= Problem statement =
For this listing, the lines between the one holding "Huesland by Ahmedabad" and the one holding "Veldig mye fint", inclusive, must be set down exactly.

= Supplied material =
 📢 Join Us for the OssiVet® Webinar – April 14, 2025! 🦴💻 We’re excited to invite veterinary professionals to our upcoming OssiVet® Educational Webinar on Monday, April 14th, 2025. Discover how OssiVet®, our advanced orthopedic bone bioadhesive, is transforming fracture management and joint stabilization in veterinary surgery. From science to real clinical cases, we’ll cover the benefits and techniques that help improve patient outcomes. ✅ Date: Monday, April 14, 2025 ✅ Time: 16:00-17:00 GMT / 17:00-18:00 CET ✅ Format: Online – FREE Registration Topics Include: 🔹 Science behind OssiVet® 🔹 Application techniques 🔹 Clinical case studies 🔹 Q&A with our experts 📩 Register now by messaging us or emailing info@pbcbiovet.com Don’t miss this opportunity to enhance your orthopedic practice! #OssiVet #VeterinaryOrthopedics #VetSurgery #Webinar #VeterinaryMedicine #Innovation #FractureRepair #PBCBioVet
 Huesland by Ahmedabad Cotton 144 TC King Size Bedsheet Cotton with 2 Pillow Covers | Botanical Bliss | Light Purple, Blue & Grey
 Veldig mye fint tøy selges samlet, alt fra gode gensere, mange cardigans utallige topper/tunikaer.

...

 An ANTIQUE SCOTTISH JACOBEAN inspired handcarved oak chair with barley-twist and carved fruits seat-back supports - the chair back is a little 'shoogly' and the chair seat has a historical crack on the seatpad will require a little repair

= Solution to this exercise =
 Huesland by Ahmedabad Cotton 144 TC King Size Bedsheet Cotton with 2 Pillow Covers | Botanical Bliss | Light Purple, Blue & Grey
 Veldig mye fint tøy selges samlet, alt fra gode gensere, mange cardigans utallige topper/tunikaer.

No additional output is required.